Pwn2Own 2014: first results

These days, Vancouver hosts the Pwn2Own event, where participants are invited to demonstrate their working exploits for remote code execution through browser and plug-in vulnerabilities. During the first day of the competition, almost all of the declared plugins and browsers were successfully pwned (with the exception of the Oracle Java plug-in, the exploit was withdrawn by VUPEN): Internet Explorer 11, Mozilla Firefox, and also Adobe Reader XI & Adobe Flash Player plug-ins in IE11, all up-to -date Windows 8.1 x64 (with sandbox-escape).
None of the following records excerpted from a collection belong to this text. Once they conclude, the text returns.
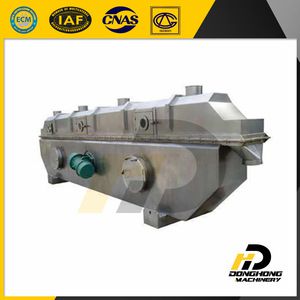Fluid bed dryer is widely used for drying, cooling and damp decreasing (or carry out at the same time) for powder or granule materials. Material is fed into the machine from feeding inlet, and moves forward continuously along with the level of fluid bed under the action of vibration force. Hot air passes through fluid bed and carried out heat exchanging with damp material. Then the damp air is exhausted out by exhaust fan, some fine powder is collected by cyclone separator and dust remover, and dried product is discharged from discharging outlet.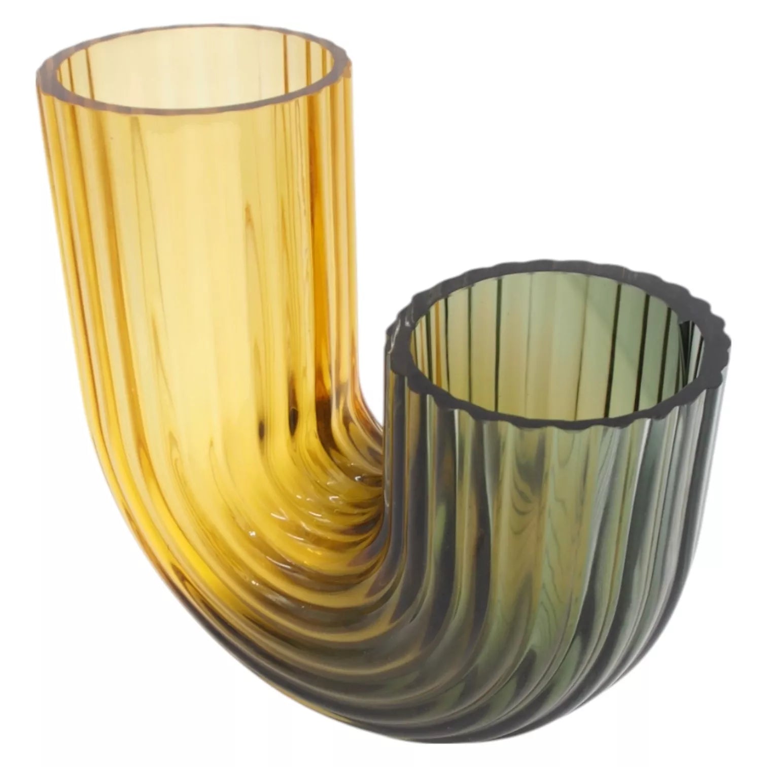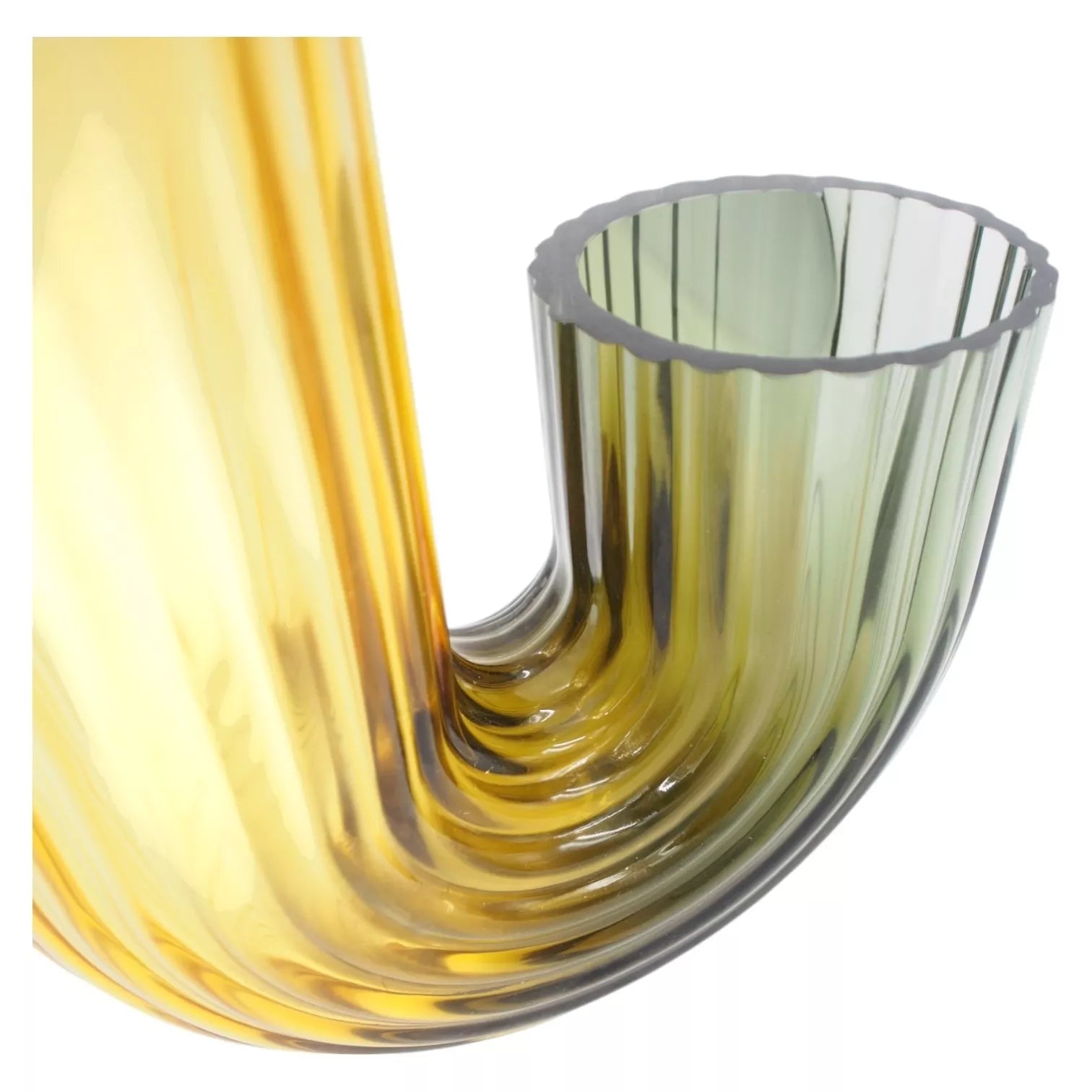 Moderni ir elegantiška stiklinė vaza, pasižyminti unikaliu lenktu dizainu bei subtiliu spalvų perėjimu. Gelsvai žalsvas atspalvis sukuria šiltą ir jaukią atmosferą bet kuriame interjere. Tinka tiek gėlėms, tiek kaip dekoratyvinis elementas be papildymų.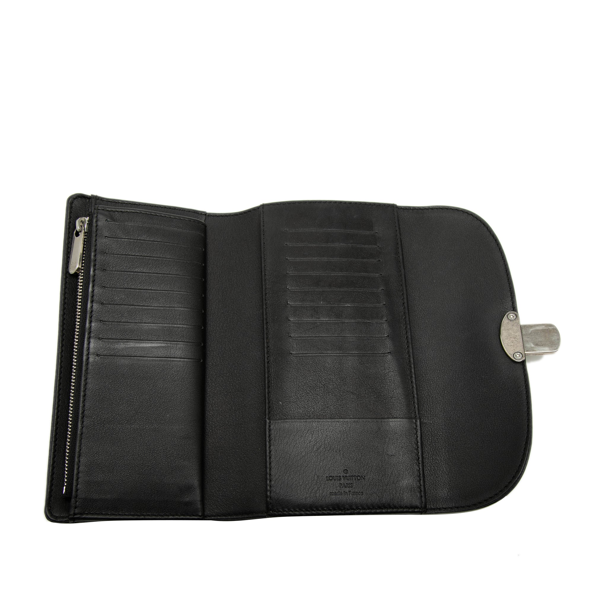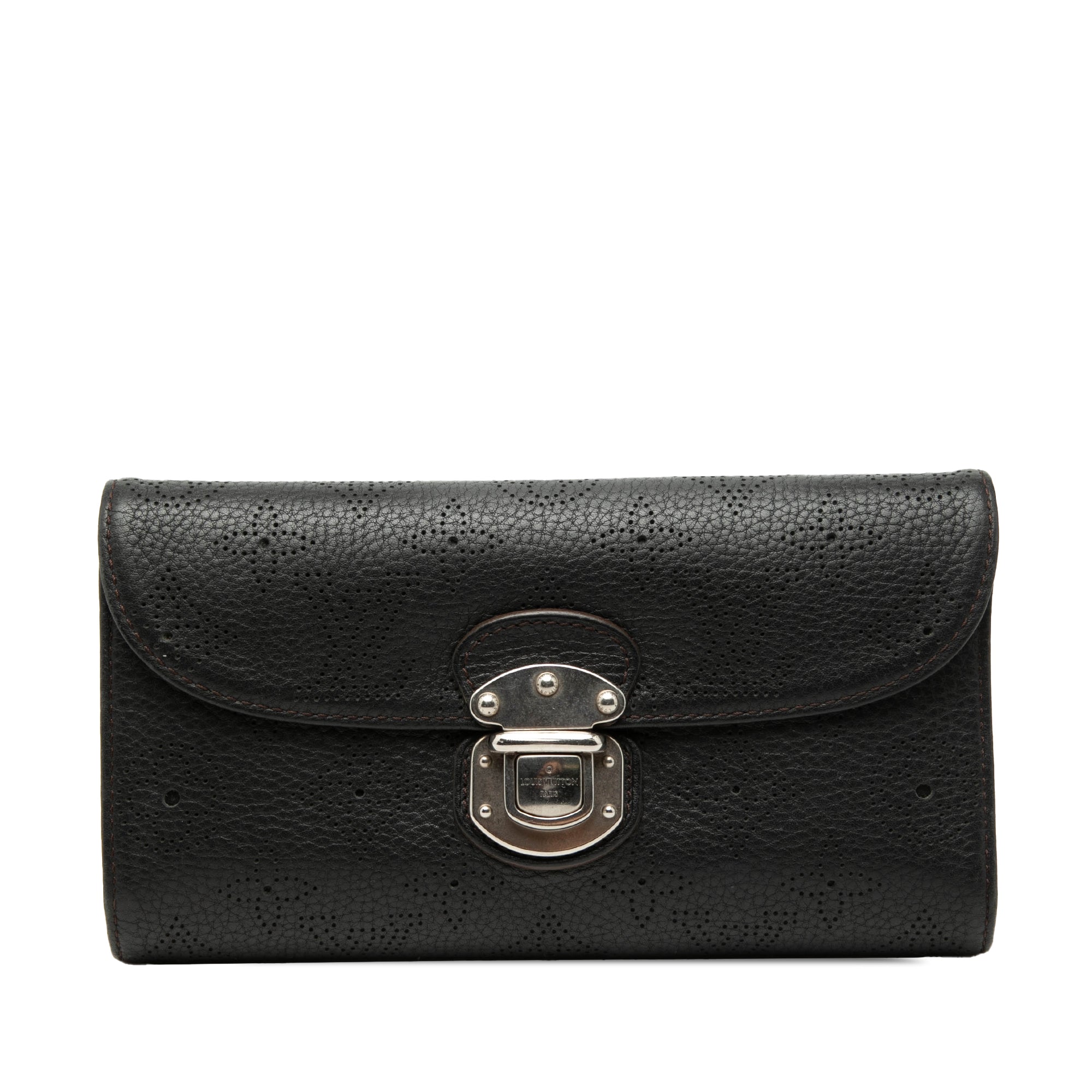 Product Details: Black Louis Vuitton Mahina Amelia Wallet. The Amelia features a leather body, a front flap with a silver-tone push lock closure, and interior zip and slip compartments. 4.1" L x 7.5" W x 1" D. Serial number TH3019.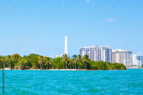Miami, Florida, USA downtown skyline. Building, ocean beach and blue sky. Beautiful city of United States of America

As usual, the French company VUPEN in the spotlight.
')
“I believe that our industry [vulnerability search & exploit development] is business as usual. Today, a large number of companies like VUPEN are selling information about vulnerabilities to customers who are directly related to the state. Such a business has become quite common. None of our exploits were detected in in-the-wild attacks. All of our customers use sold exploits to secure national security missions. ” - Chaouki Bekrar for ThreatPost - VUPEN cashes in four times at Pwn2Own .

The Pwn4Fun Special Contest is a competition between Google & Hewlett-Packard ZDI teams. Due to the fact that these companies themselves are sponsors of the event, all funds received as a result of the winnings go to charity.



Configuration of operation & price targets.